BEGIN

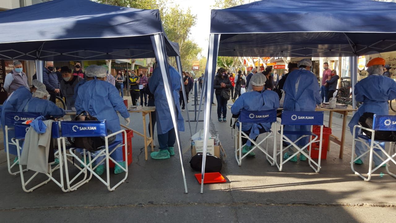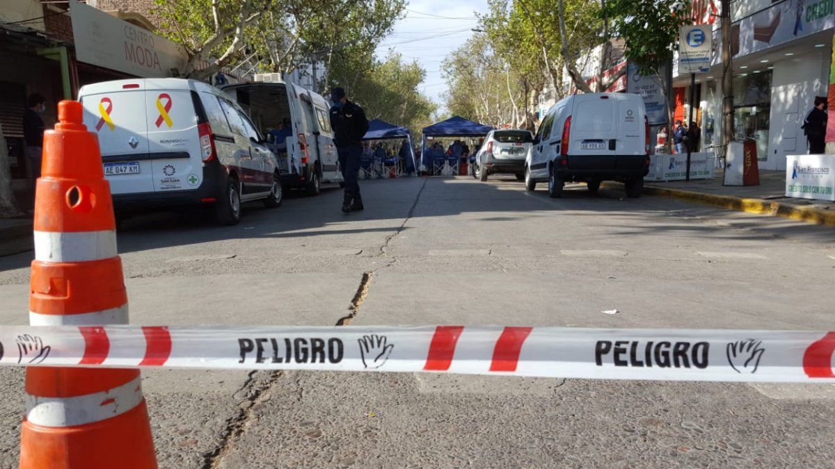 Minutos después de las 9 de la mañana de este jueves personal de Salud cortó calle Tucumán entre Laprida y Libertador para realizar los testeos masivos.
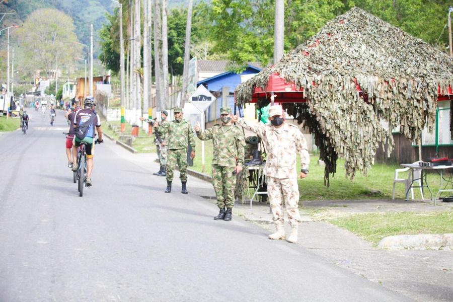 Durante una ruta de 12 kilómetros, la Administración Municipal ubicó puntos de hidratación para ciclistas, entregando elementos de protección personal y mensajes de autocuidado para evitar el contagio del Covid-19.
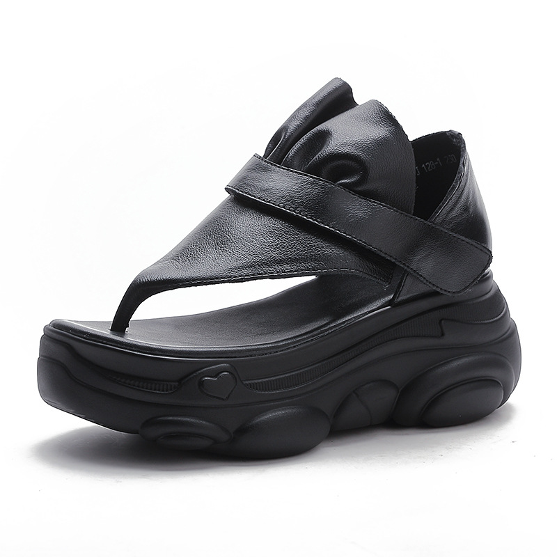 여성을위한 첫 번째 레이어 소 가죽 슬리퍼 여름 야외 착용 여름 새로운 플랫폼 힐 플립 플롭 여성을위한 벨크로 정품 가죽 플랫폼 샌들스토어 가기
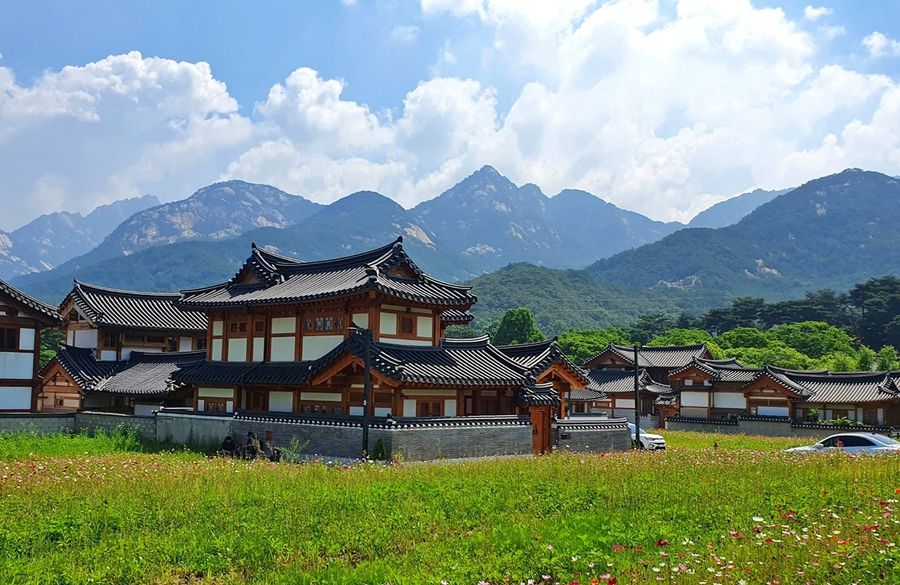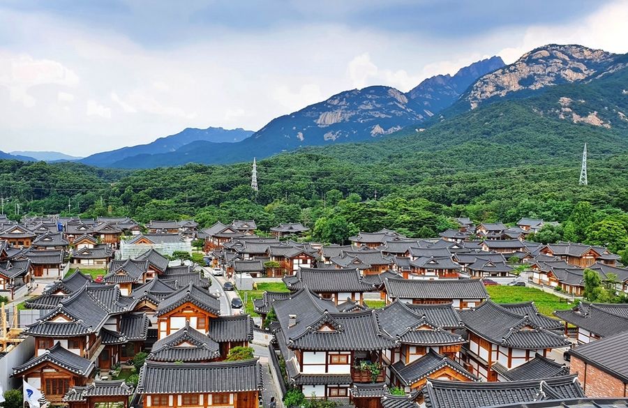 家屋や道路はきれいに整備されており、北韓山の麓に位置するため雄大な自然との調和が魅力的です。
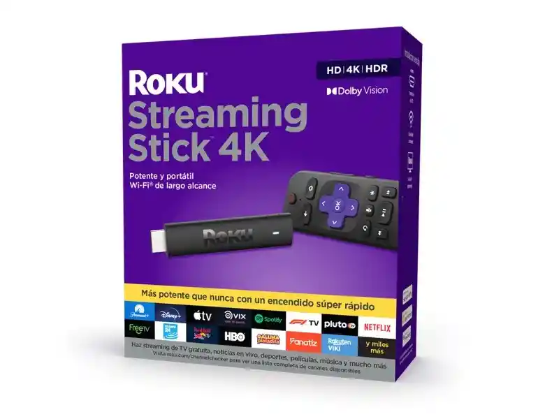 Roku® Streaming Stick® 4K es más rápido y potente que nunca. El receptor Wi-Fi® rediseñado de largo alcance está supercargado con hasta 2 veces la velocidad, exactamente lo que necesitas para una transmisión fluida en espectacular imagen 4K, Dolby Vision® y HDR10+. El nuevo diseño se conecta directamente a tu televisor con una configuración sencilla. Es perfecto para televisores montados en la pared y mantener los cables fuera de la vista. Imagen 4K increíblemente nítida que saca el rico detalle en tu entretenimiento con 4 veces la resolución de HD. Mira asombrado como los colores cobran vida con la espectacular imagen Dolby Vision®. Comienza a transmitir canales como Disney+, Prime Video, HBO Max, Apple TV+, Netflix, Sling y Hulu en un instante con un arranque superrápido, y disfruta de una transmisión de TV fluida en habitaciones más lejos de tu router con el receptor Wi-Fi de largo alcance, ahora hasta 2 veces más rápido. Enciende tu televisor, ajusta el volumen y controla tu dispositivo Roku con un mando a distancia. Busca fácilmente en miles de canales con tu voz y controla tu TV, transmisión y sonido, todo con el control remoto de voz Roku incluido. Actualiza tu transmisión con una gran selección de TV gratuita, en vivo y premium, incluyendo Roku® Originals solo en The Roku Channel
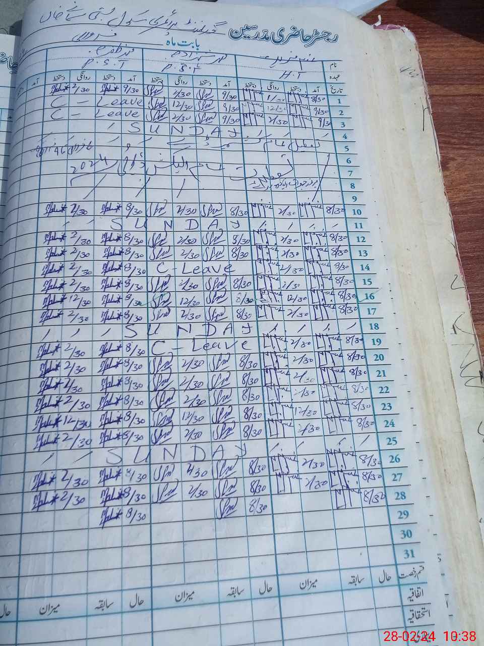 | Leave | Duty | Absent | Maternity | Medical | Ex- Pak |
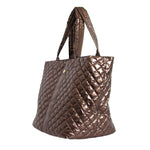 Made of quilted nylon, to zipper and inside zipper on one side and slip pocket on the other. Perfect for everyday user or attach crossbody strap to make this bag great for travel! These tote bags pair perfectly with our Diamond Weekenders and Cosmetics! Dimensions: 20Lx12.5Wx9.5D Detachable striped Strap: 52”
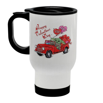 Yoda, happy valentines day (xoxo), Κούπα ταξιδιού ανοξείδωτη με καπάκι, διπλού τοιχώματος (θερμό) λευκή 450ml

END

— Work request —
Your answer must be exactly the lines from the one with "Made of quilted" through the last line of the entries, both included, with no pictures; please add nothing else.

— Exercise solution —
 Made of quilted nylon, to zipper and inside zipper on one side and slip pocket on the other. Perfect for everyday user or attach crossbody strap to make this bag great for travel! These tote bags pair perfectly with our Diamond Weekenders and Cosmetics! Dimensions: 20Lx12.5Wx9.5D Detachable striped Strap: 52”
 Yoda, happy valentines day (xoxo), Κούπα ταξιδιού ανοξείδωτη με καπάκι, διπλού τοιχώματος (θερμό) λευκή 450ml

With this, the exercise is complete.